One In 5 Australian Workers Admits Being Drunk On The Job

Construction workers with beer

The next time you’re watching Parliament and wondering if the MPs are drunk, you have a 20% chance of being right according to a poll conducted by the Australian Drug Foundation (ADF).

A survey of 1000 Victorians found that nearly one in five employees admitted working while under the influence of alcohol, while 40% said they’d headed off to work still feeling the effects of alcohol.

One in five also said they had taken a day off work because of their hangover.

An Australian Institute of Criminology study last year put a $6 billion price tag on lost productivity to Australian business from alcohol and drugs. Alcohol contributes to 5 per cent of all Australian workplace deaths and 11 per cent of accidents.

And while some businesses have strong drug and alcohol testing regimes, Australian Drug Foundation head of workplace services Phillip Collins said the solution was not zero tolerance, but better education.

“Research is not showing that drug testing has a big or positive impact that. We need to be looking at whole spectrum of workplace culture and education, rather than expecting the big stick of taking a drug test to address the issue,” he said.

“You can have drug testing in place, but a business also has to ask where else can we put in protective measures.”

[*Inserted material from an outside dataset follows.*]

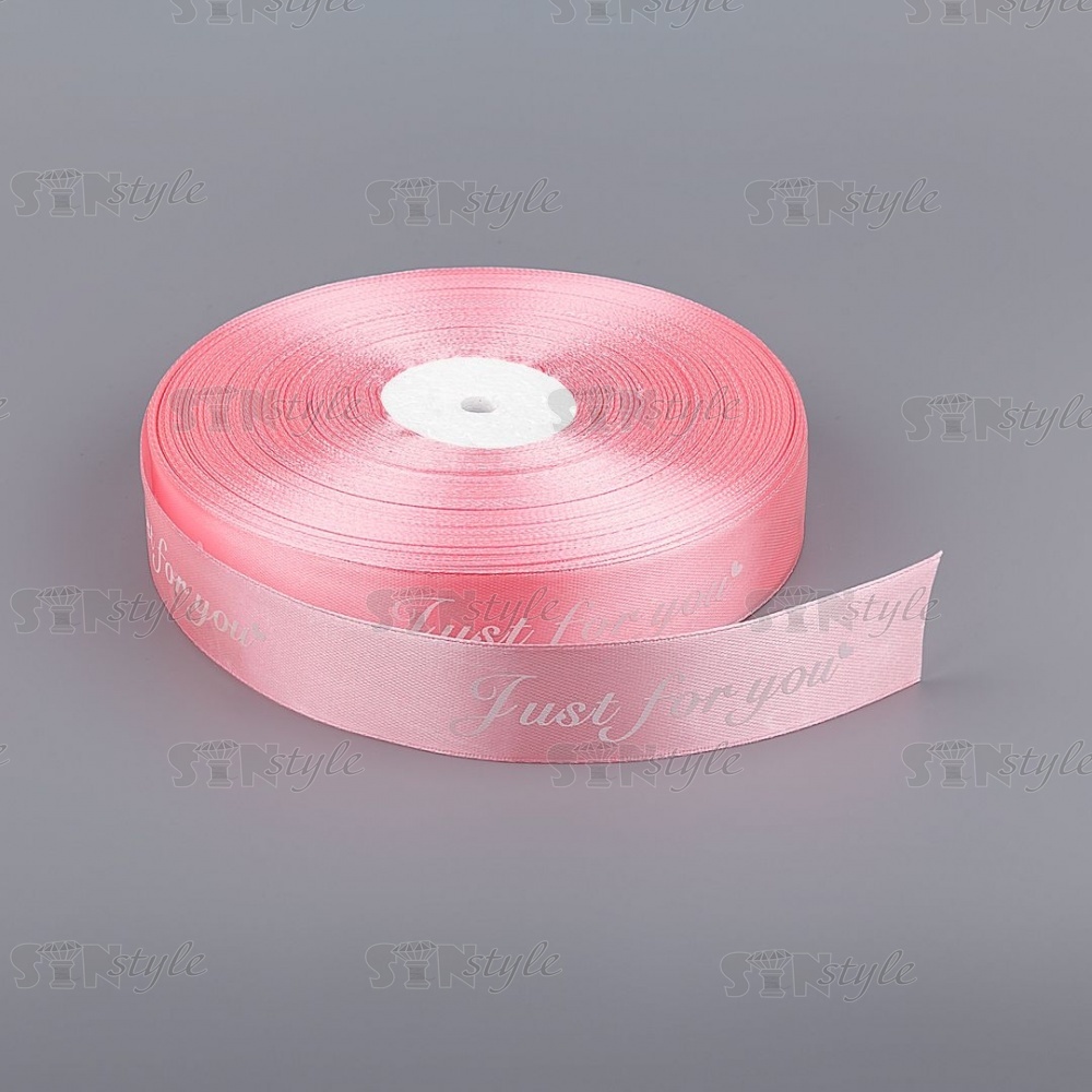 Лента атласная с принтом, ширина 25 мм, намотка 100 ярдов, цвет розовый (№04)

Collins pointed to a recent example of two mates, aged 28 and 29, at a Western Australia mine site, who are now both dead after an alcohol-fuelled fight, despite strict policies at the site.

One man died after he was allegedly punched by his friend and fell and hit his head. The other man is believed to have subsequently taken his own life.

The coroner is now investigating, but it’s believed the fight occurred during shift change – when day shift workers have a 24-hour break before starting night shift.

Workers often go hard on the grog believing they’ll have a enough time to dry out before returning to the job, but Collins says that his organisation has regularly seen the “next day effect” as people who’ve been on a bender make poor decisions at work the next day.

Many mistakenly think they can sleep off the booze, but alcohol stays in the system longer than most realise. It’s one reason why you find police conducting random breath tests at 9am.

“You may not feel like you’re over the limit, but you may be up to twice the limit, despite feeling refreshed. Seven schooners take 17 hours to get completely out of your system and 7 schooners is not a huge amount,” Collins said.

He argues don’t realise the hidden costs and risks.

“Alcohol affects a person’s concentration, coordination, decision making ability and slows reaction times. These can have implications for workplace safety and productivity.”

Education is the key, Collins says, especially to address myths around alcohol. But he’s not an advocate for abstinence.

A glass of wine with lunch, especially if entertaining is part of your job, is fine. “But don’t have 10 glasses,” he said.

“We’re not saying don’t drink, we’re saying be responsible and know the effects,” Collins said.

“Businesses need to put their energy around education and making sure culture is right and entire organisation is on board,” he said.